DATA PROVIDED.
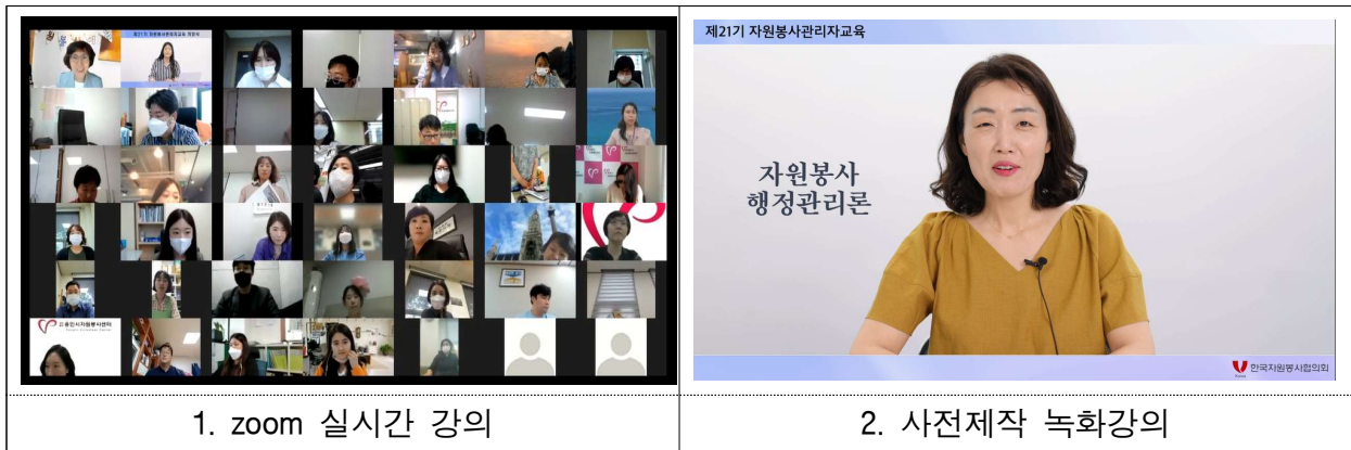
1. zoom 실시간 강의
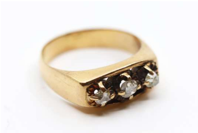
85| Bague en or jaune ornée de trois diamants taillés en rose. Poids : 6,2 g
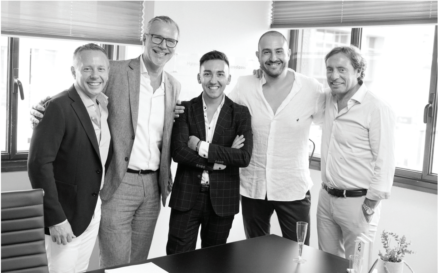
Inaugurazione della sede di Cagliari

YOUR GOAL. Every line of the data above is to be set down exactly; the pictures are not.

YOUR RESPONSE.
1. zoom 실시간 강의
85| Bague en or jaune ornée de trois diamants taillés en rose. Poids : 6,2 g
Inaugurazione della sede di Cagliari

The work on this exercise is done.